Whereas for me, nature is my outlet.

Qian Yinxiao, Silver

 

Qian Yinxiao, Silver

Some people wear their hearts on their sleeves, while others hide behind an inscrutable mask. However, it is not impossible to identify underlying sentiments from people’s body language, or, for artworks, painters’ brushwork.

Graduated with BA (Hons) in Visual Arts from Hong Kong Baptist University (HKBU), Professor Raymond Fung Award for Chinese Painting recipient and emerging artist Qian Yinxiao, Silver (L5-19) grasps the changing forms of emotions and thoughts with ink, to present an “emotional landscape” like no other.

 

JJCCAC
Q1. J

What prompted you to become an artist?

 

SQian Yinxiao, Silver
A1. S

During my secondary school studies, I took part in the Arts Ambassadors-in-School Scheme, and met a number of artists such as Frog King (Kwok Mang-ho). Being an artist remained a far-off dream then, until I studied visual arts in HKBU and gained confidence in my creativity. Taking things one step at a time, I now have my own studio here at JCCAC.

 

Melancholy I, Released

Ink and acrylic on paper | 2019

Melancholy I and Released is a set of graduation exhibition works displayed and it got Prof Raymond Fung Award for Chinese Painting. The artworks are the process more than the result. It showed the theme of “existence” at the beginning, then applied the experience of “pain”, and finally realized the chaos that has been entangled with own.

 

Q2. J

Your relationship with Chinese ink painting is …

 

A2. S

My first encounter with ink painting dates back to the second year of university. Koon Wai-bong was our tutor then, and he saw potential in my experimental ink works. From there, I took up ink painting as my primary creative medium. In fact, I have always been fond of water-based materials. Their fluid nature perfectly expresses the stream of personal emotions and thoughts that my works tend to originate from. From inner self to outer environment, I try to capture the chaos and transformations of our souls and surroundings.

 

Q3. J

Is your art creation process one that is improvisational in nature or deliberate with meticulous planning?

 

A3. S

Usually I try to sort out my thoughts best as I can, come up with a general direction or framework, before putting paintbrush to paper. This is to ensure ideas and layers are shown in the work. During the painting process, however, I follow my heart and instinct. Therefore, it is a combination of both.

 

Melancholy I

Ink and acrylic on paper | 2019

 

Melancholy II

Ink and acrylic on paper | 2019

 

Q4. J

What are the similarities and differences between your work and traditional Chinese paintings?

 

A4. S

Traditional Chinese paintings express outward admiration and respect for nature, with sentiments in the backseat and hiding behind the realist landscape. For me, nature is an outlet – my feelings are expressed through abstract brushstrokes in a straight forward manner, creating a different kind of scenery.

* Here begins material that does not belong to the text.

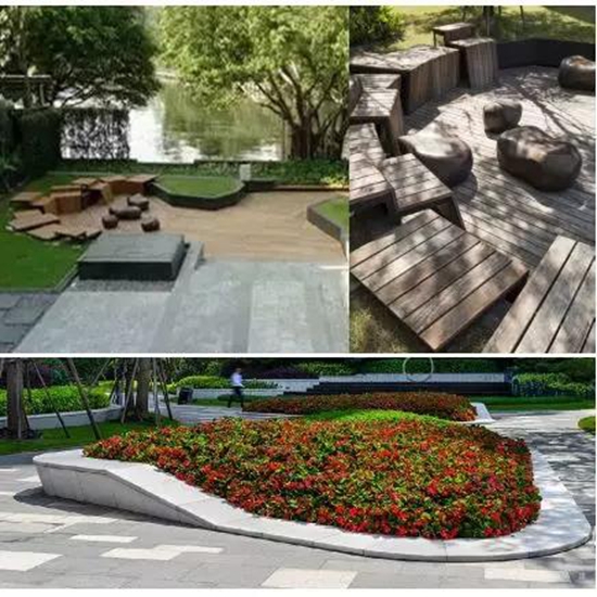 将绿植沿直线种于地面,高低错落的阶梯,层层的窗台和柱廊,重叠的花架和刚硬的栏杆,它们的有序排列,增添了园林景观的律动美和节奏感,丰富了沿路景观。铺装采用流畅的抛物弧线设计,为了融于周围自然环境,在铺装之间留有浅草渗水缝隙边框出自然形态。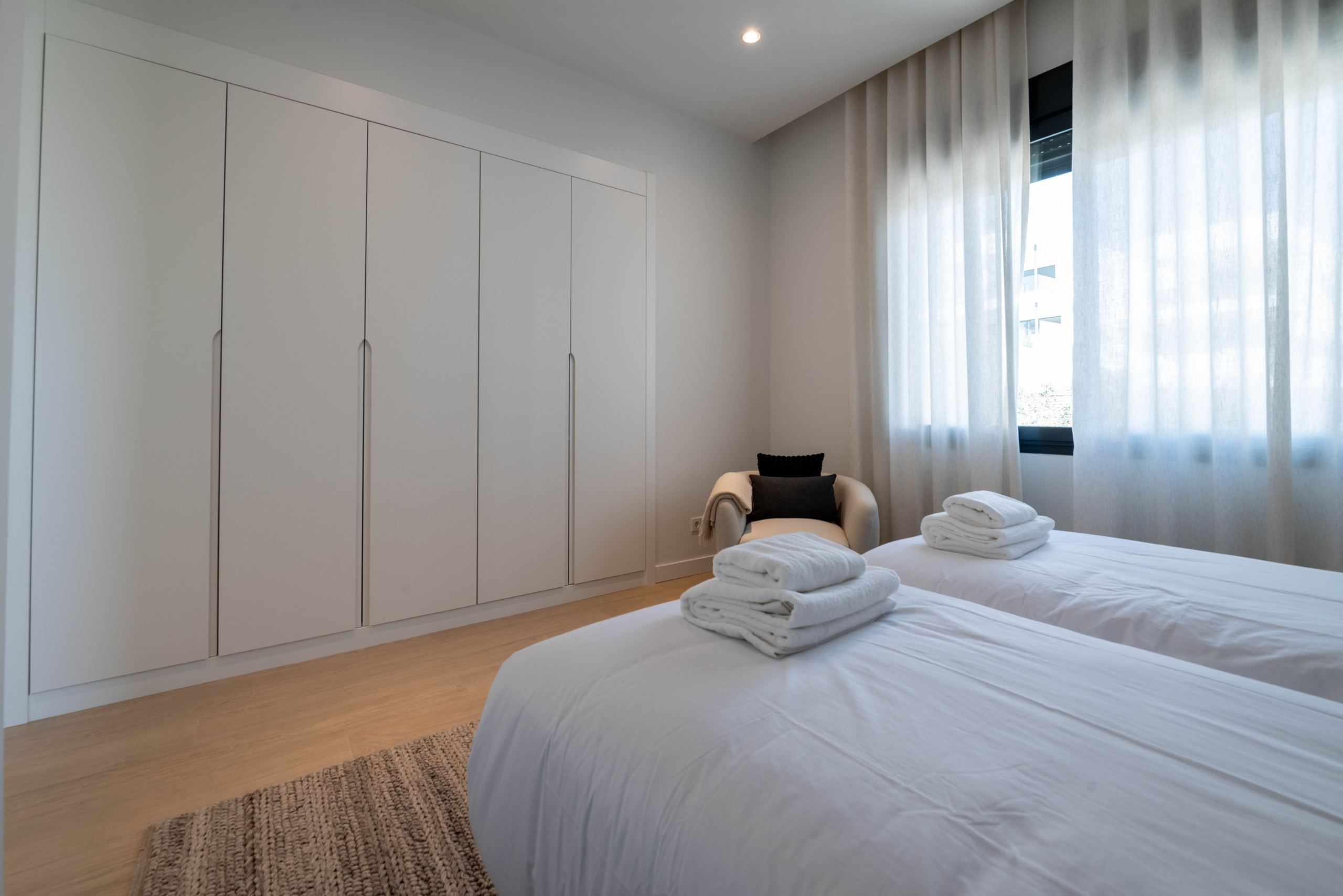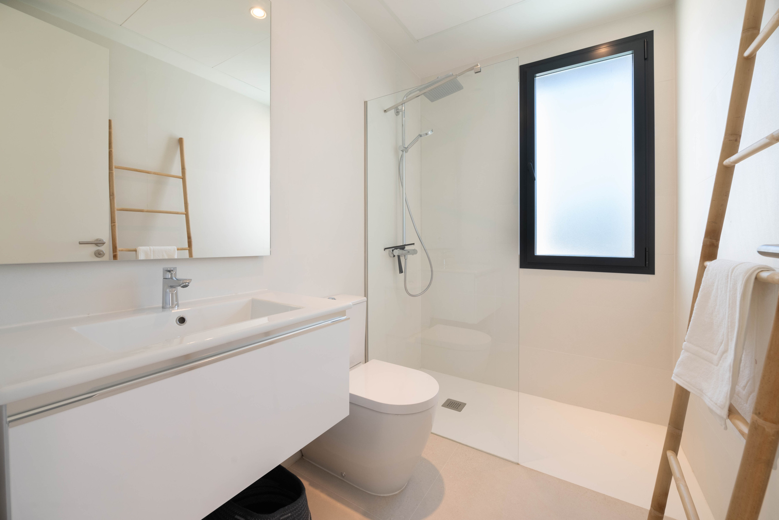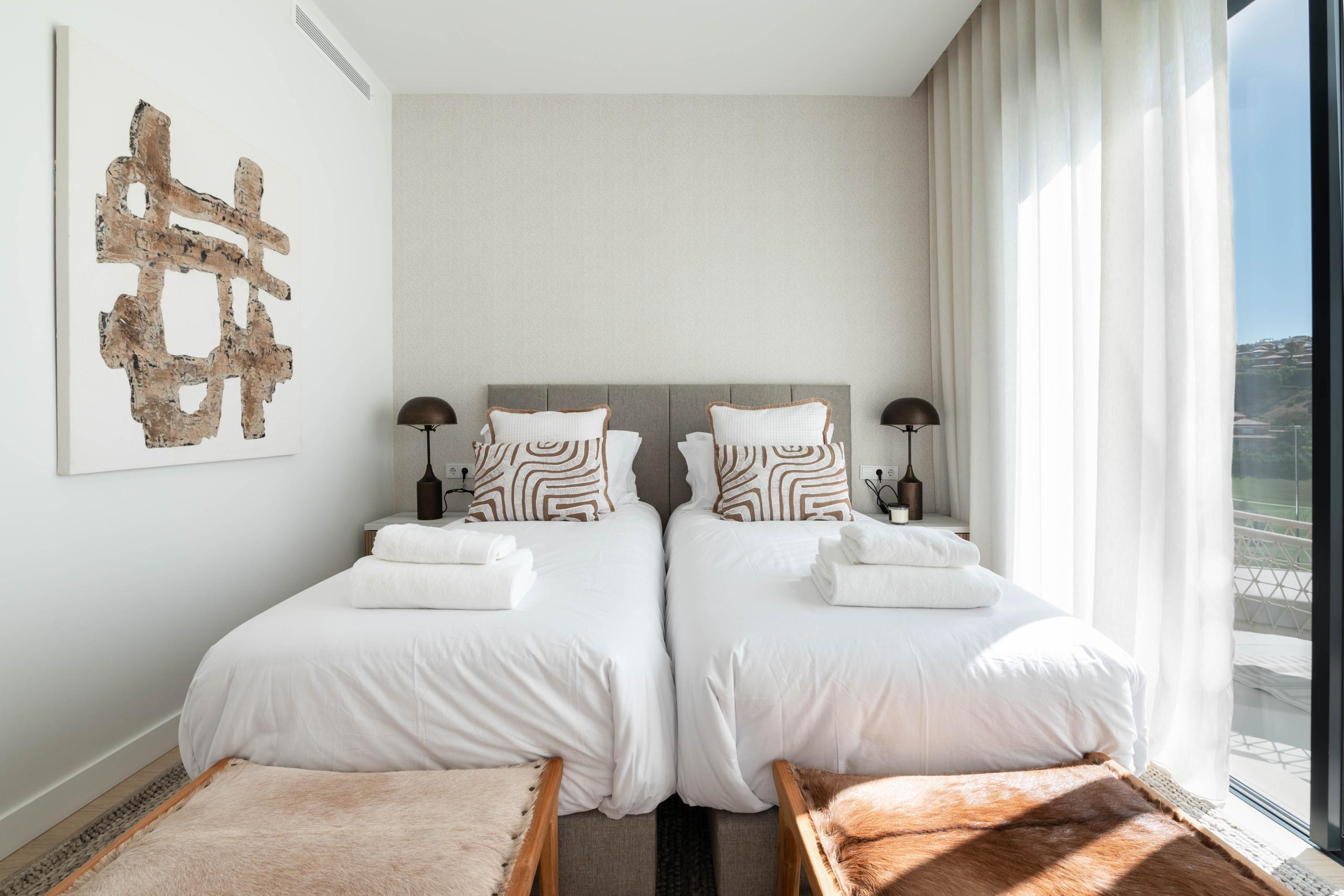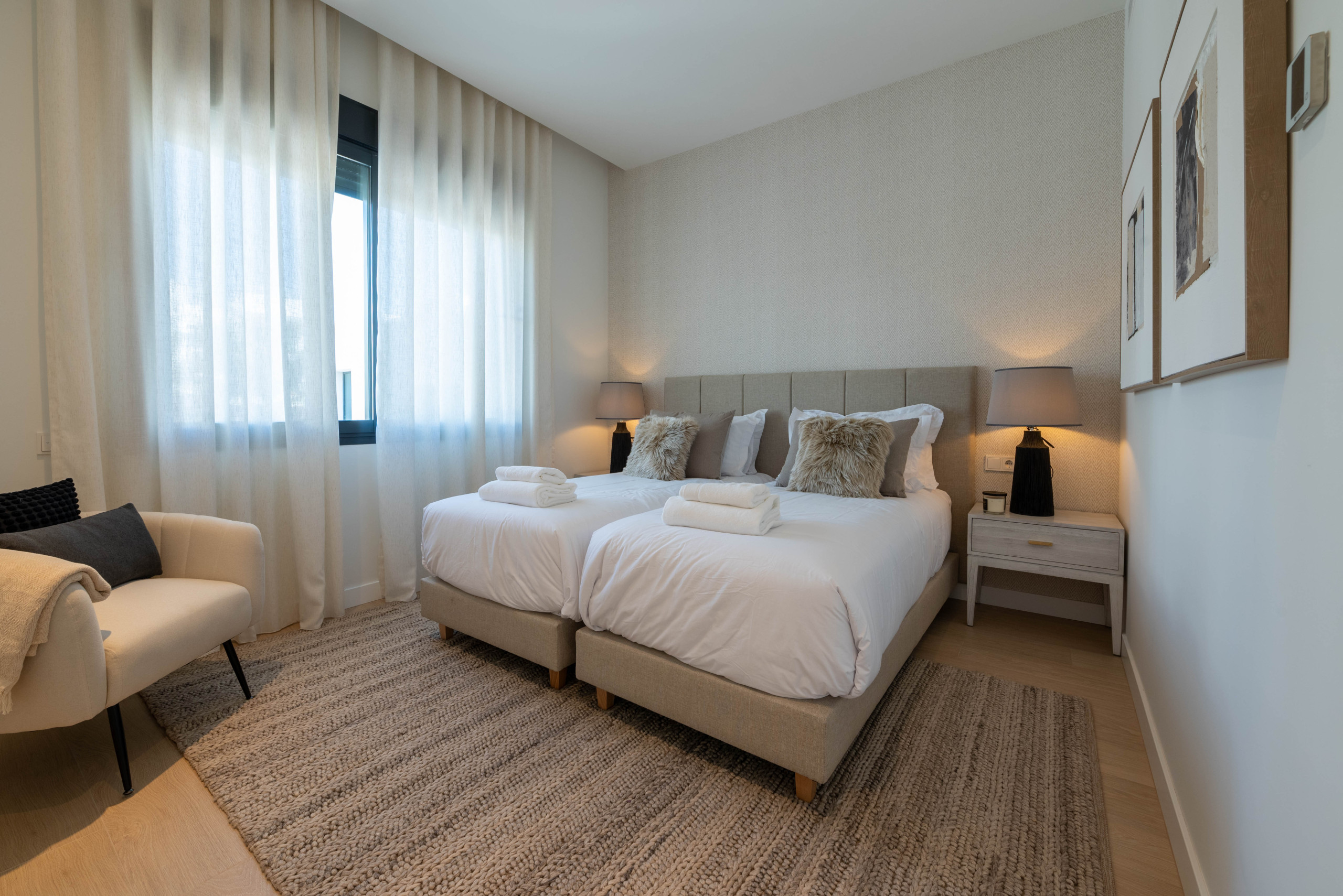 First Floor On the first floor, you will find the elegant master bedroom, which includes a private terrace and a luxurious en-suite bathroom with a shower and bathtub. Also on this floor are two additional bedrooms, both with twin beds. These two bedrooms share a full bathroom with a shower, and the design of this floor maintains the modern and sophisticated style characteristic of Villa Soul 17, making it a perfect choice for families seeking a vacation rental in Marbella.

Although my works appear to veer away from tradition, I actually appreciate and take reference from traditional Chinese paintings. Their composition and imagery are deeply ingrained in my mind, which become a kind of ‘muscle memory’, I guess this is why some viewers may discern hints of “Chinese landscapes” from my work, even though I did not set out to create landscape paintings.

 

Q5. J

How do you meld ink with various materials? Are there any interesting discoveries?

 

Full Bloom

Ink and mixed media on paper | 2017

 

A5. S

Take Full Bloom as an example, I incorporated dried flowers in splash ink, to create different layers. On the painting, the dried flowers stand out like stones that create a physical block against the flow of water. Interestingly, the paint yellowed over time with the dried flowers. Just like plants, feelings fade and wither with the passage of time. Meanwhile, the Melancholy series is a combination of Chinese ink and acrylic, both of which I am rather familiar with, giving the works a touch of East-meets-West, as well as a blend of old and new.

Recently, I try to include calligraphic brushstrokes in my work, and Lonesome* is one of such experiments. It is inspired by the book Invisible Cities, which accompanied me during my trip to Belgium and Austria last summer as an exchange student, and fused with my daily musings. These prose-like short sentences are assimilated into my work to lend it a poetic quality.

 

Lonesome

Ink and mixed media on paper | 2020

 

Q6. J

Could you tell us more about “Wandering In The Wilderness”, your upcoming solo exhibition at PMQ? The fragments on the exhibition posters are …

 

A6. S

Besides Full Bloom and Melancholy, the exhibition will also feature the remaining portion of the fragments shown on the exhibition posters. These fragments are actually pieces I have torn off from my work. The initial idea was that the exhibition poster should not be just a piece of printed matter, but a part of the exhibited works . Surprisingly, after being torn off a piece, the remaining portion resembles a mountain, which echoes the notion of “hidden landscape” in my other works.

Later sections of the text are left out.